By analyzing existing cross correlation between MCEWEN MINING INC and CSX Corporation, you can compare the effects of market volatilities on MCEWEN MINING and CSX and check how they will diversify away market risk if combined in the same portfolio for a given time horizon. You can also utilize pair trading strategies of matching a long position in MCEWEN MINING with a short position of CSX. Check out your portfolio center. Please also check ongoing floating volatility patterns of MCEWEN MINING and CSX.

Diversification Opportunities for MCEWEN MINING and CSX

-0.53
  Correlation Coefficient

Excellent diversification

The 3 months correlation between MCEWEN and CSX is -0.53. Overlapping area represents the amount of risk that can be diversified away by holding MCEWEN MINING INC and CSX Corp. in the same portfolio, assuming nothing else is changed. The correlation between historical prices or returns on CSX Corporation and MCEWEN MINING is a relative statistical measure of the degree to which these equity instruments tend to move together. The correlation coefficient measures the extent to which returns on MCEWEN MINING INC are associated (or correlated) with CSX. Values of the correlation coefficient range from -1 to +1, where. The correlation of zero (0) is possible when the price movement of CSX Corporation has no effect on the direction of MCEWEN MINING i.e., MCEWEN MINING and CSX go up and down completely randomly.

Pair Corralation between MCEWEN MINING and CSX

Assuming the 90 days horizon MCEWEN MINING INC is expected to generate 2.81 times more return on investment than CSX. However, MCEWEN MINING is 2.81 times more volatile than CSX Corporation. It trades about 0.04 of its potential returns per unit of risk. CSX Corporation is currently generating about 0.03 per unit of risk.
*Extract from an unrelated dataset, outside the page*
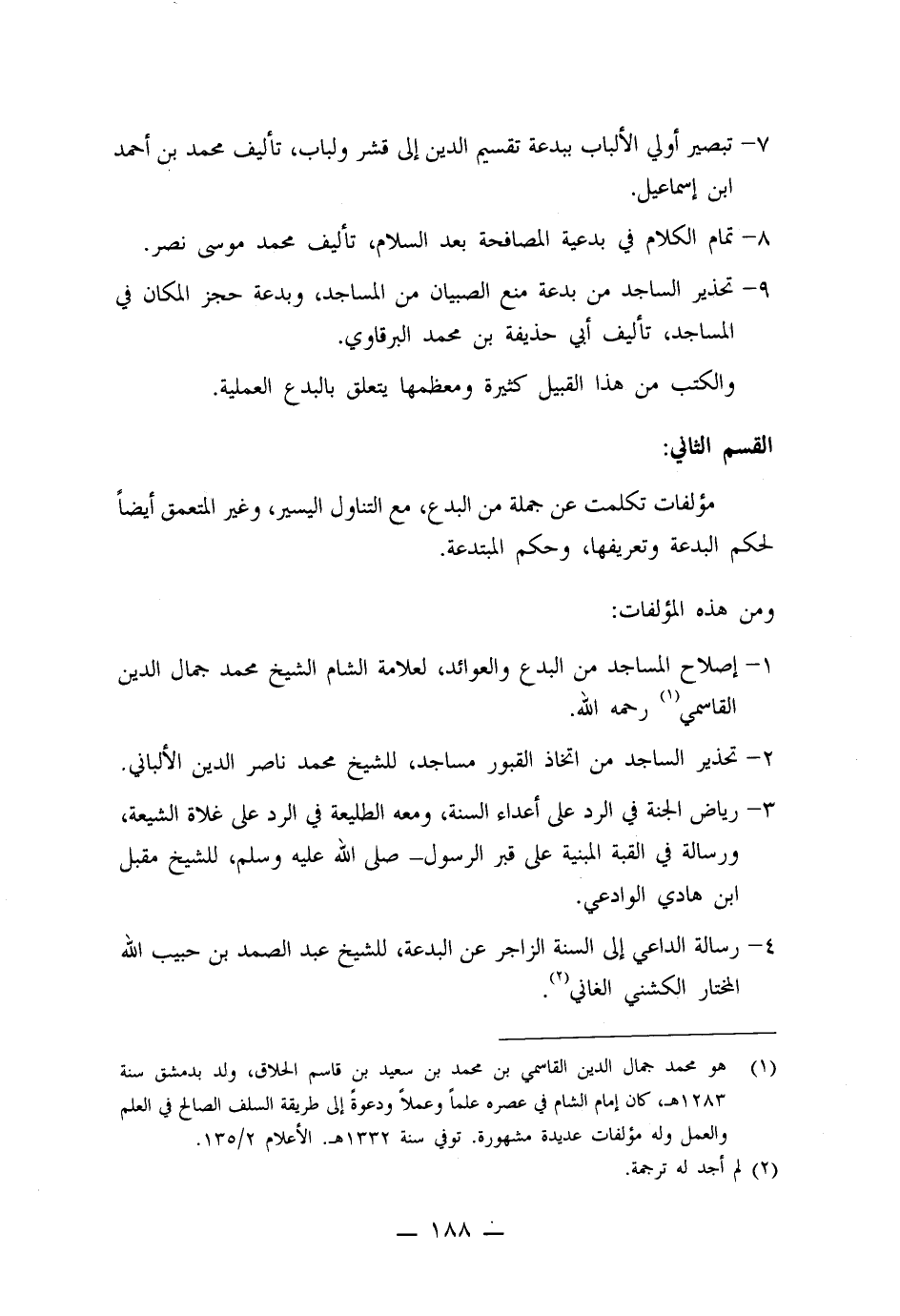 1) إصلاح المساجد من البدع والعوائد، لعلامة الشام الشيخ محمد جمال الدين القاسمي رحمه الله.

If you would invest  540.00  in MCEWEN MINING INC on September 14, 2024 and sell it today you would earn a total of  315.00  from holding MCEWEN MINING INC or generate 58.33% return on investment over 90 days.
Time Period3 Months [change]
DirectionMoves Against 
StrengthVery Weak
Accuracy100.0%
ValuesDaily Returns

MCEWEN MINING INC  vs.  CSX Corp.

 Performance 
       Timeline  
MCEWEN MINING INC 

Risk-Adjusted Performance

1 of 100

 
Weak
 
Strong
Weak
Compared to the overall equity markets, risk-adjusted returns on investments in MCEWEN MINING INC are ranked lower than 1 (%) of all global equities and portfolios over the last 90 days. Despite nearly stable basic indicators, MCEWEN MINING is not utilizing all of its potentials. The current stock price disturbance, may contribute to mid-run losses for the stockholders.
CSX Corporation 

Risk-Adjusted Performance

4 of 100

 
Weak
 
Strong
Insignificant
Compared to the overall equity markets, risk-adjusted returns on investments in CSX Corporation are ranked lower than 4 (%) of all global equities and portfolios over the last 90 days. In spite of comparatively fragile basic indicators, CSX may actually be approaching a critical reversion point that can send shares even higher in January 2025.

MCEWEN MINING and CSX Volatility Contrast

   Predicted Return Density   
       Returns  

Pair Trading with MCEWEN MINING and CSX

The main advantage of trading using opposite MCEWEN MINING and CSX positions is that it hedges away some unsystematic risk. Because of two separate transactions, even if MCEWEN MINING position performs unexpectedly, CSX can make up some of the losses. Pair trading also minimizes risk from directional movements in the market. For example, if an entire industry or sector drops because of unexpected headlines, the short position in CSX will offset losses from the drop in CSX's long position.
The idea behind MCEWEN MINING INC and CSX Corporation pairs trading is to make the combined position market-neutral, meaning the overall market's direction will not affect its win or loss (or potential downside or upside). This can be achieved by designing a pairs trade with two highly correlated stocks or equities that operate in a similar space or sector, making it possible to obtain profits through simple and relatively low-risk investment.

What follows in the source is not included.